Портативный электрофон.
Ярко-синюю блузку.
Держатель для туалетной бумаги. Дедуля сам выточил его из дерева. Когда отматывали бумагу, рулон глухо постукивал. Мы, когда были маленькие, всегда отрывали слишком много, и Мима вечно кричала нам через дверь: «Аккуратней с бумагой!» Это стало игрой. Повешу его в своем туалете и каждый раз, пользуясь им, буду слышать голос Мимы.
Тогда
Апрель, 2008
Агата – 23 года
Как-то вечером мы с Мимой наткнулись на передачу о людях, увлеченных выпечкой.

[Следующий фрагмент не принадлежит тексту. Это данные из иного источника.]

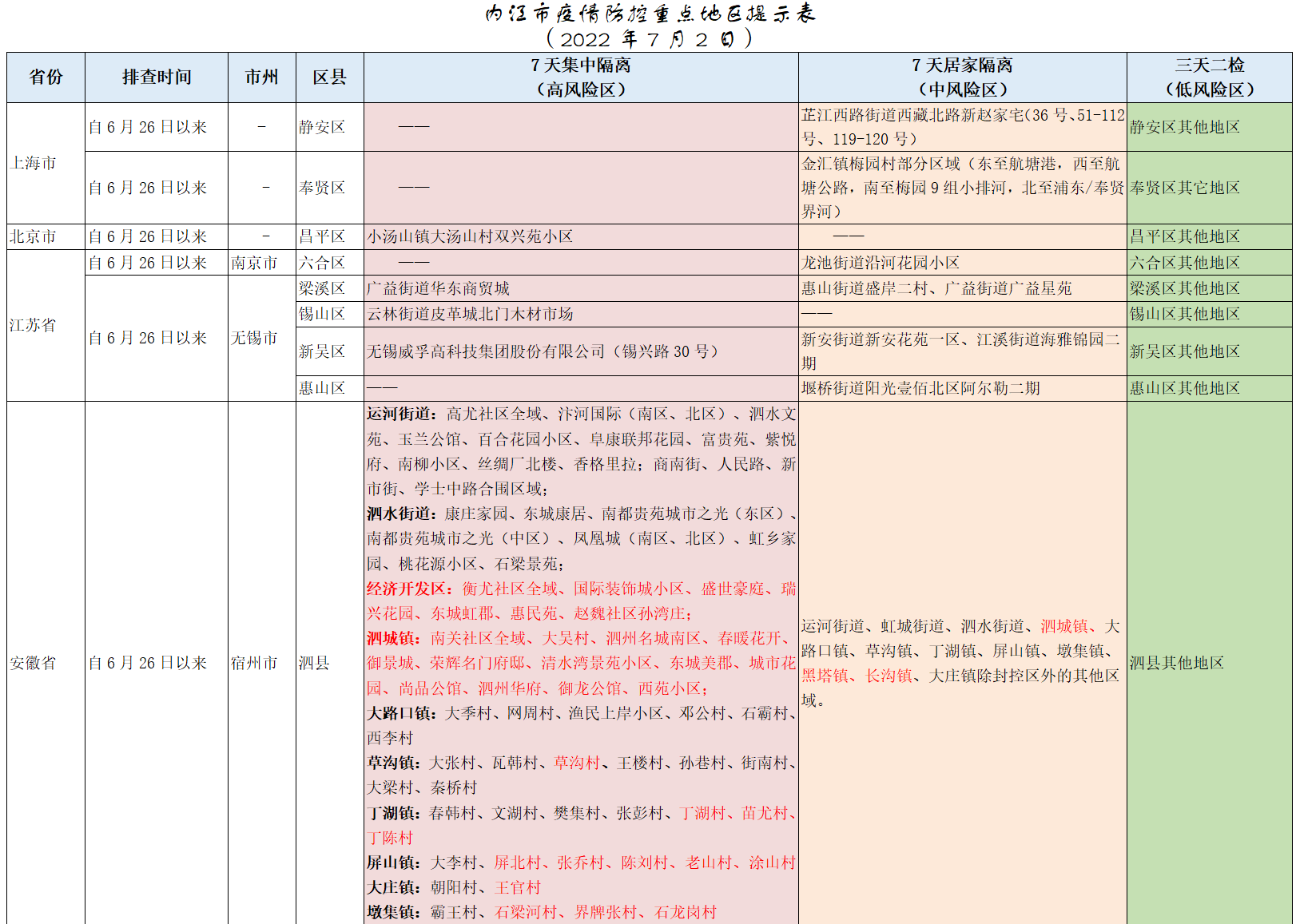 內(nèi)江市疫情防控重點(diǎn)地區(qū)提示表(2022年7月2日)
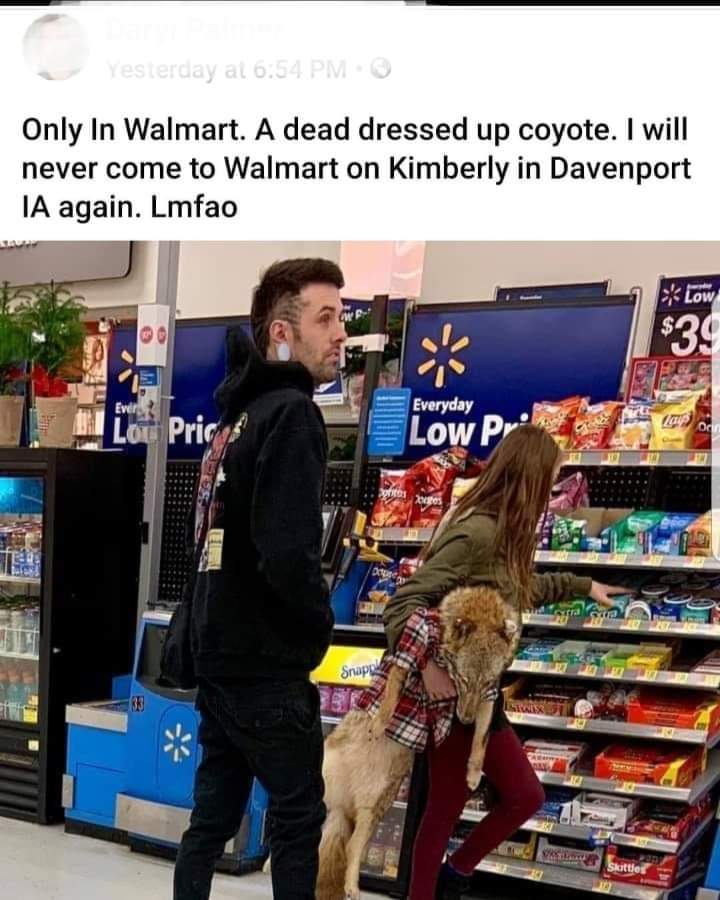 #14. Shopping in an NC Walmart right now and this man has a live possum on his shoulder 😂🐀

Это наш маленький ритуал: после ужина мы садимся перед телевизором. Предпочтение отдаем программам, которые позволяют нам отпускать едкие комментарии, и мы очень веселимся. По этим вечерам я буду особенно скучать, когда у меня будет свое жилье. Мима говорит, что я могу оставаться сколько хочу, но рано или поздно мне надо будет встать на ноги. Я ей не сказала, но уже смотрела одну квартиру в Байонне. Она была маленькая, с единственным окном, выходившим на общую лестницу, и я отказалась.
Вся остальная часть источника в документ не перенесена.